A la chica sin nombre, ni el calor ni
la humedad parecen preocuparle. Sigue
disparando dardos envenenados en dirección a mí. Al hacerlo, gesticula exageradamente, mueve sus brazos como si
nadara, flota sobre el aire opaco de ese
ambiente cargado de humo de tabaco.
Ahora, una gota de sudor corre por su
rostro regordete. Pero a ella nada la perturba. Con el puño de la camisa se quita
el sudor. Y sigue.
Habla de los Montoneros. De Perón y
Evita. Se exalta con las hazañas de Güemes y del Chacho Peñaloza. Desintegra a
Sarmiento en un solo movimiento y lanza besos al aire para don Juan Manuel
de Rosas. “El Restaurador”, lo llama, haciendo gala de esa liviandad que suelen
esgrimir los recién llegados a una causa.
Está a punto de alcanzar el éxtasis. Tiene
un orgasmo de época. Se ha montado al
mundo entero. A sus pies, los opresores
de la patria piden clemencia.
Están ganando la guerra. Esa guerra
que no admite tibios. Dice. La están ganando los combatientes montoneros.
Con fusiles y machetes. Por otro 17.
Está poseída. Parece, incluso, haber olvidado que sigo frente a ella.
Los otros comensales, cuatro o quizá
cinco, cuyos nombres tampoco puedo recordar, no hablan. Miran azorados a la
cachetuda de la Jotapé mientras devoran
trozos de carne y beben Bidú cola.
Ha terminado el discurso pero nadie
aplaude.

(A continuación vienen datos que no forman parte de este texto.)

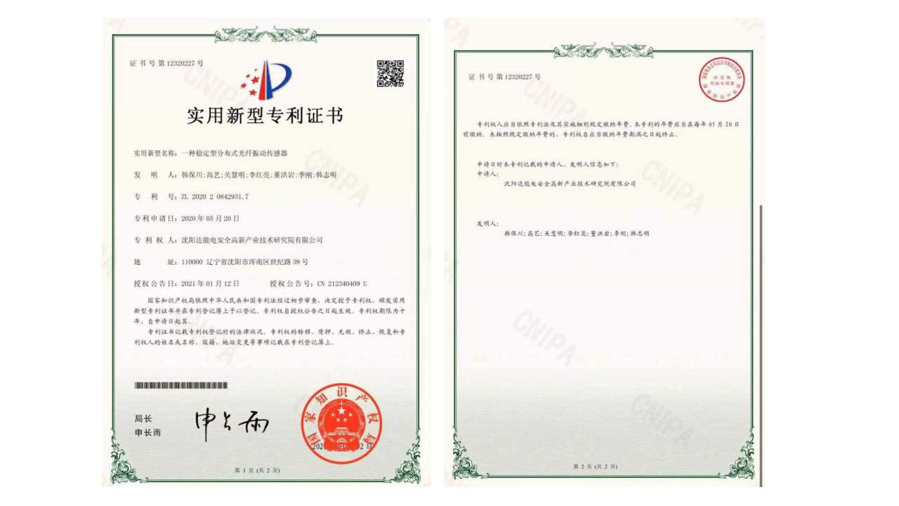 1月12日,沈阳mksport体育电安全高新产业技术研究院(以下简称研究院)荣获由国家知识产权局颁发的实用新型专利证书—《一种稳定型分布式光纤振动传感器》,专利号ZL 2020 2 0842931.7。沈阳mksport体育电安全高新产业技术研究院是mksport体育电气旗下研发机构,是公司重点打造的创新研发机构。2020年度,mksport体育研究院累计荣获5项实用新型专利证书、7项软件著作权证书,这是mksport体育专注研发创新,加速科技成果转化,推动知识产权战略实施的有效成果。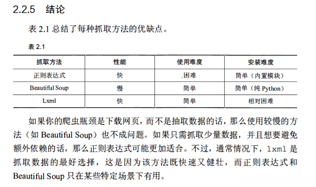 Lxml是以libxml2这一XML解析库为基础开发而成的Python封装模块。该模块采用C语言进行编写,在性能上显著优于BeautifulSoup工具。通过书中对比分析得出的结论可知,在爬取网页并进行数据采集的过程中,默认采用以下步骤:首先对网页源码进行解析(采用上述三种工具中的Lxml方法),随后选择所需数据(采用CSS选择器进行定位)。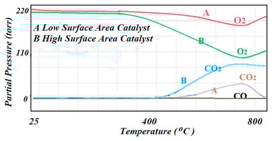 For the regeneration of the spent catalysts, the ICCS was used at the end of the reaction and upon deactivation of the catalyst to perform temperature programmed oxidation (TPO) to quantify the amount of carbon that was produced as graphite or by possible cracking (if there was any) and had covered the active surface, and hence, deactivated the catalyst. This test was completed by flowing a mixture of 10% O2 balance He through the catalyst bed at 35 °C and brought up to 500 °C at a rate of 10 °C/min. The TPO results were monitored by the mass spectrometer that was connected to the exhaust of the reactor. The TPO profiles for both spent catalysts are included in Figure 10. Profile A corresponds to the low specific surface area catalyst, while profile B corresponds to the high specific surface area catalyst. The consumption of O2 was not quantified, but it was observed that the high specific surface area catalyst showed a higher consumption of O2 which indicated that more graphite was formed during the reaction as there was little probability of cracking in these cases.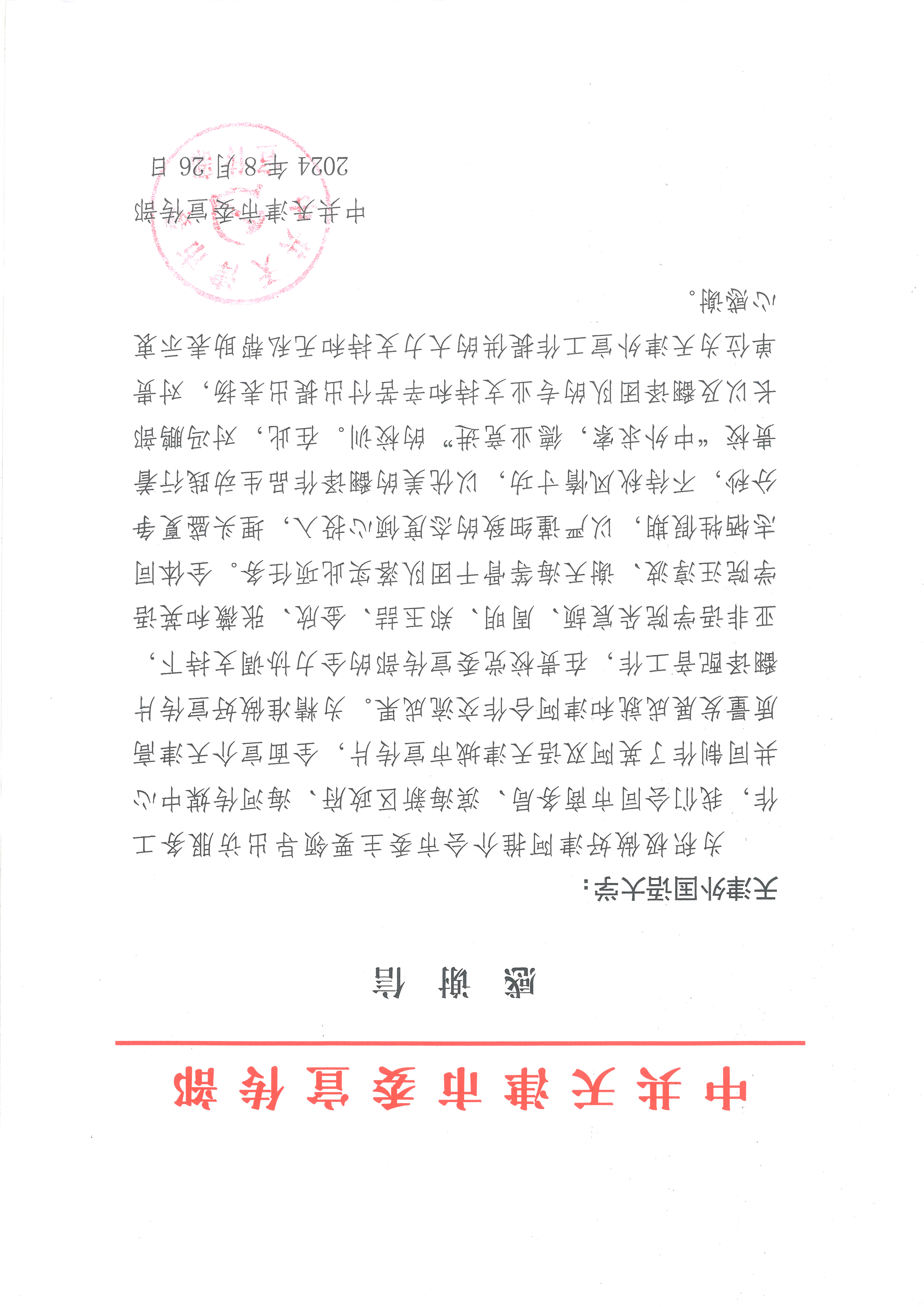 近日,市委宣传部致函我校,感谢天外翻译专班圆满完成英阿双语天津城市宣传片翻译工作。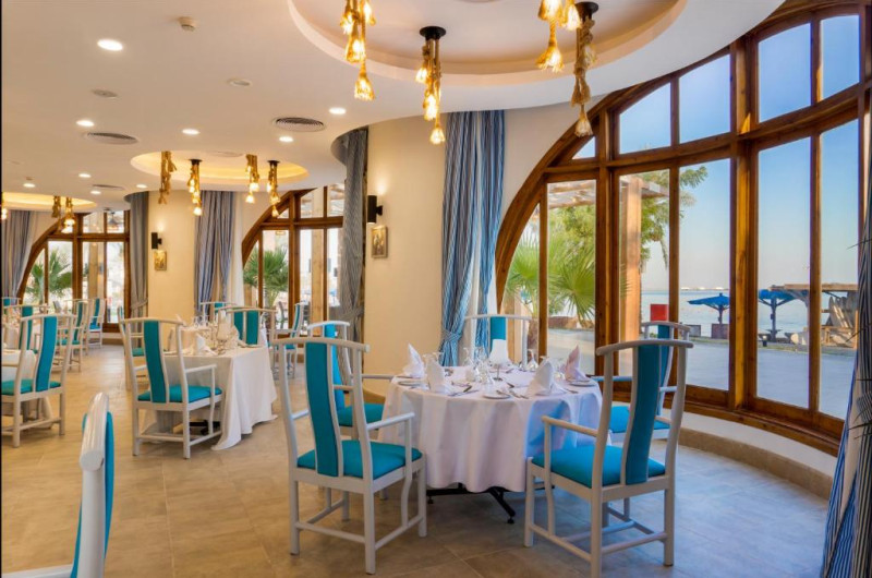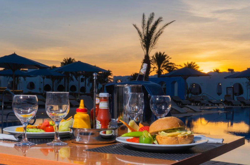 Safir Dahab Resort فندق سفير دهب oferă o varietate de opțiuni de luat masa internaționale. Restaurantul Flavours oferă mic dejun și cine tematice tip bufet, in timp ce restaurantul Catch Sea Food servește fructe de mare proaspete și restaurantul italian Portofino. Există, de asemenea, un bar pe plajă, un bar la piscină, Wi-Fi de 1 MB in toate camerele și punctele de vanzare.

Ella vuelve a su frente preferido. Vuelve a mí.
Creo que ahora soy yo el que tiene los
cachetes al rojo vivo. Siento fuego en la
cara.
Con la mirada me transfiere el sitial
del orador.
Tengo que defenderme. Debo decir algo. Decir algo es decir que tengo miedo.
Que la odio. Decir que tengo miedo y que
la odio es decir demasiado.
–¡Hablá pecetito! –me lastima.
No me salen palabras. Me sale silencio.
Silencio de muerte. He perdido el carro
de la historia.
Ella es la vencedora.
Luego supe quién era, aunque no la
volví a ver. Hasta ahora. Que la encuentro en una página del diario. Hecha huesos. Unos pocos huesos. Los suficientes
como para que el equipo de antropología
forense pudiera identificar a aquella chica sin nombre.